One of our members who it would seem may have permanent double vision mentioned to me recently that she has resorted to an occlusion contact lens in one eye. This was also something I explored but in the end didn't need.
With respect to surgery: my understanding from my neuro and my ophtha-neuro is that this isn't indicated for double vision in MS caused by cranial nerve damage (the specific nerves that innervates the muscles that control eye movement). I was hopeful that this would be at least a last resort for me, but I was told it was not. I think how this was explained to me was that if it was the muscles themselves that were the problem, that surgery is sometimes an option to correct strabismus; but that in MS this problem is due to nerve damage and thus surgery on the eye muscles is not effective.

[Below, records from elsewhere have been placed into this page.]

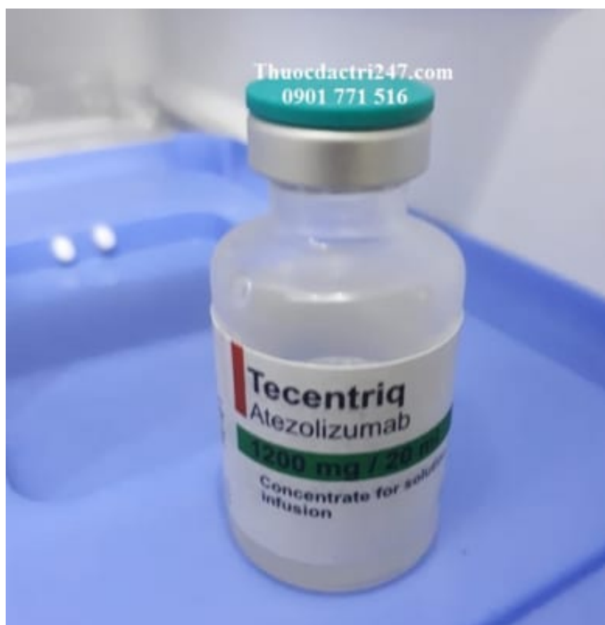
Thuốc tecentriq 1200mg/20ml atezolizumab điều trị một số bệnh ung thư di căn (3)
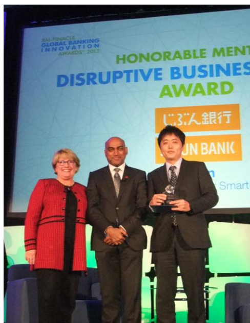
11月5日デンバーで行われた授賞式の様子

http://www.bai.org/globalinnovations/Libraries/2013-Press-Releases/2013_Global_Banking_Innovation_Awards-WinnersPressRelease.pdf
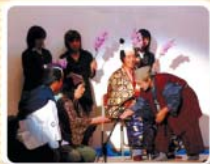
つくしんぼ (丹後町)
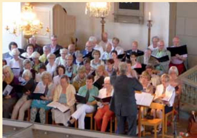
Skärgårdssextetten med körsångare från Mjällby och Sölvesborg medverkar vid pingstagens musikgudstjänst i Mjällby.
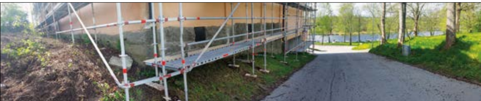
Figur 3. Panorama över undersökningsområdet och Norra kyrkogårdsgatan i slutningen ned mot Sundet.

En plan upprättades där utbredningen av den urschaktade delen ritades in. Två sektioner upprättades över den naturliga terrängens utseende och de påförda terrasseringsmassorna. Platsen fotograferades med digitalkamera.
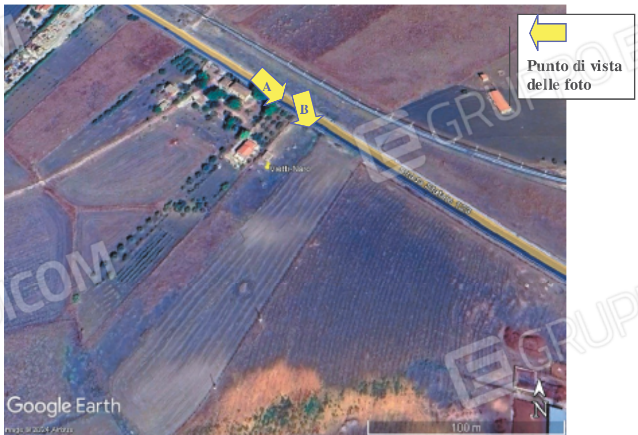
Contesto urbanistico nelle vicinanze del terreno in c.da Ogliaro territorio di Naro
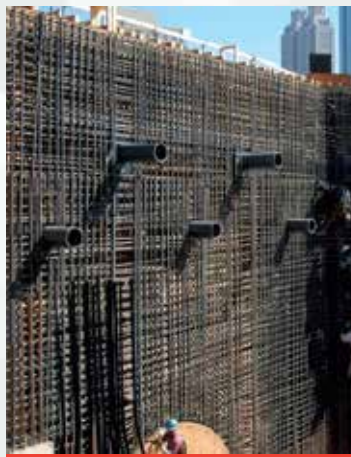
Elementos densamente armados
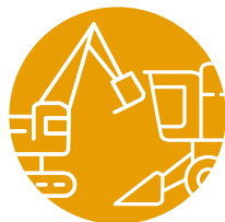
maszyny rolnicze i budowlane
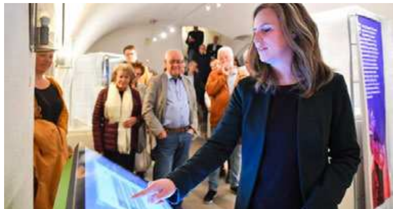
Eröffnung der vorbereitenden partizipativen Ausstellung im Fichtelgebirgsmuseum, 2023
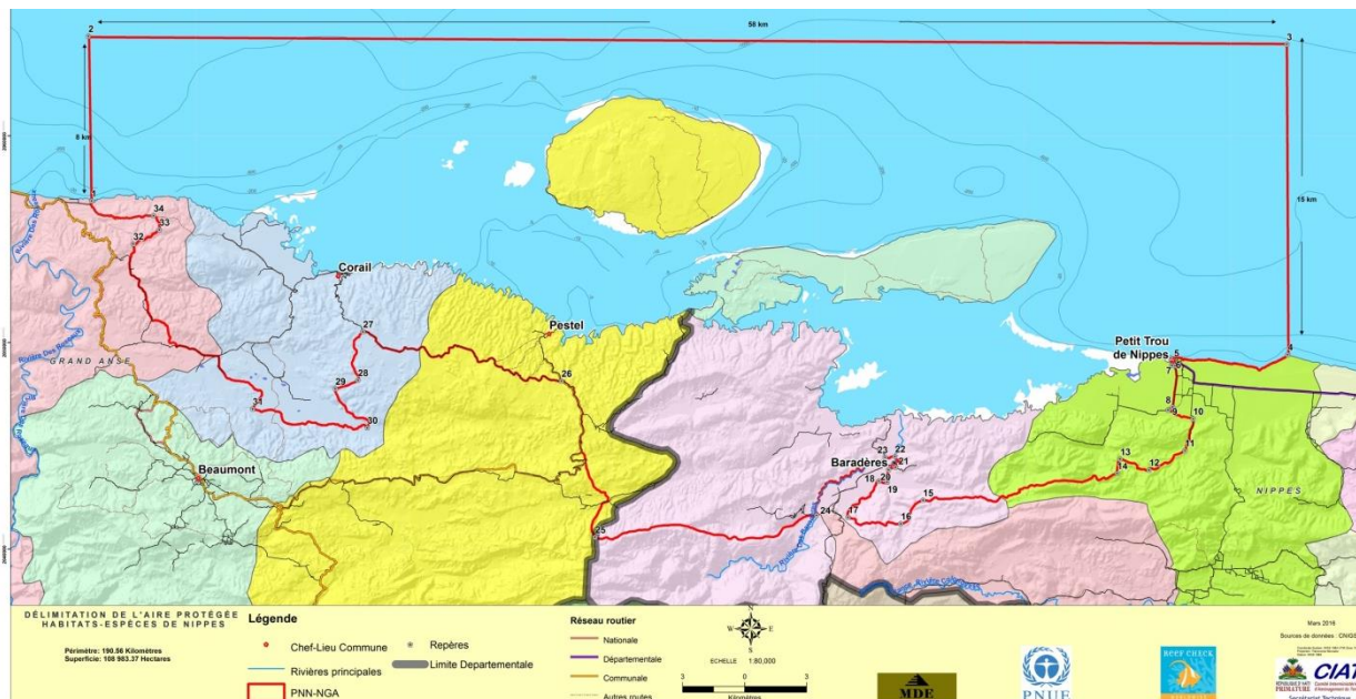
FIGURE 2: CARTE DU PARC NATIONAL DES BARADERES (DOCUMENT DE TRAVAIL DU CIAT).
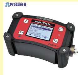
▲水素ガス探知機ハンターH2
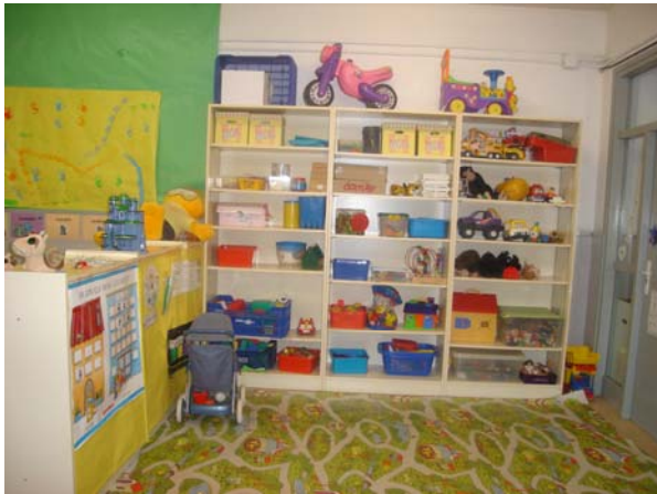
El racó de la catifa abans
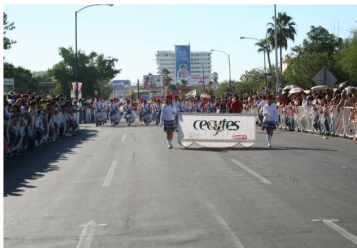
Participación del contingente cívico y deportivo del 16 de noviembre del 2009.

En respuesta a las convocatorias emitidas por la Secretaria de Educación y Cultura, a los desfiles cívico-militares del 16 de septiembre asistió un contingente de 318 participantes, y al cívico-deportivo del 20 de noviembre, nuestra banda de guerra monumental de 70 elementos, además de otros participantes.
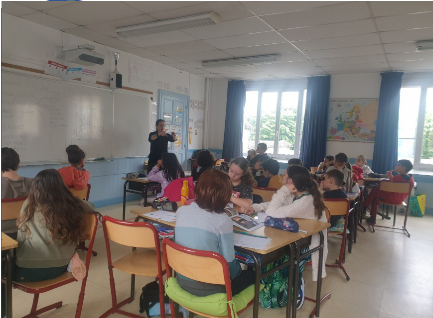
Intervention pour la création d'une BD autour de l'habitat

Bilan de l'année et prolongements (en quoi ce projet va permettre la mise en œuvre pérenne d'actions en faveur de l'environnement) :
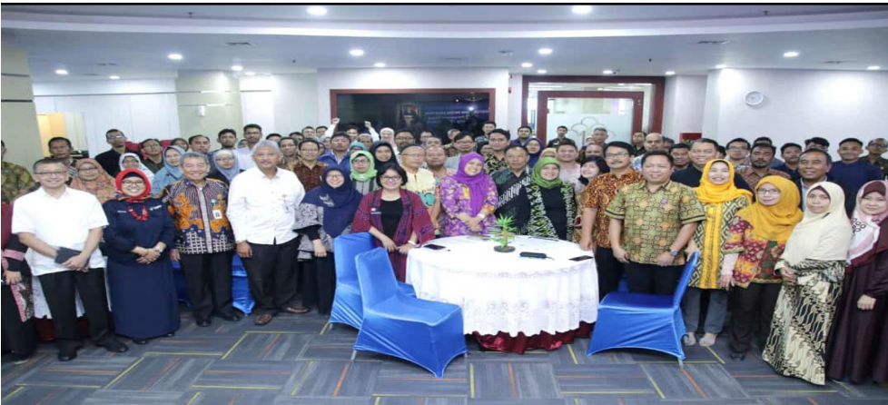
Gambar 6. Narasumber Direktur Paten, DTLST dan RD, Kasubdit Pemberdayaan KI dan Pemeriksa Paten berfoto bersama peserta Konsultasi Teknis

keahliannya, dan 92% berpendapat bahwa materi yang diperoleh dari kegiatan ini dapat atau cukup dapat diterapkan dalam lingkungan kerjanya. Dari aspek penyajian materi 81% peserta menilai bahwa materi disampaikan dengan jelas, dan 78% menilai bahwa kegiatan ini berhasil meningkatkan pengetahuan dan keahlian peserta.
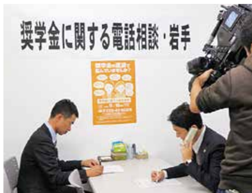
奨学金全国一斉相談

また、労働運動・労働者自主福祉運動が果たしてきた役割をあらためて学び、労働運動および共済運動の重要性を再認識する中でその理念を分かち合い、連帯・協同・友愛・絆の意味を共有するための出前講座を県内7地区で開催しました。
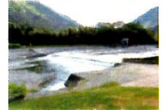
堰堤: 揖斐川町・粕川 かすかわ

There is an informative blurb on diplopia on wikipedia:
http :// en. wikipedia .org / wiki / Diplopia
This has been an interesting thread for me as it reminded me of everything I had learned about diplopia and coping with it that I had forgotten. It also reminded me of how distressing it was, and I don't think those who haven't experienced it can understand how tough it can be, esp since it's not like you're in physical pain. But it can severely limit normal functioning, affect quality of life significantly, and shake one's confidence. I hope the suggestions everyone has made here are helpful to you in terms of some ideas to cope, as you wait patiently for recovery.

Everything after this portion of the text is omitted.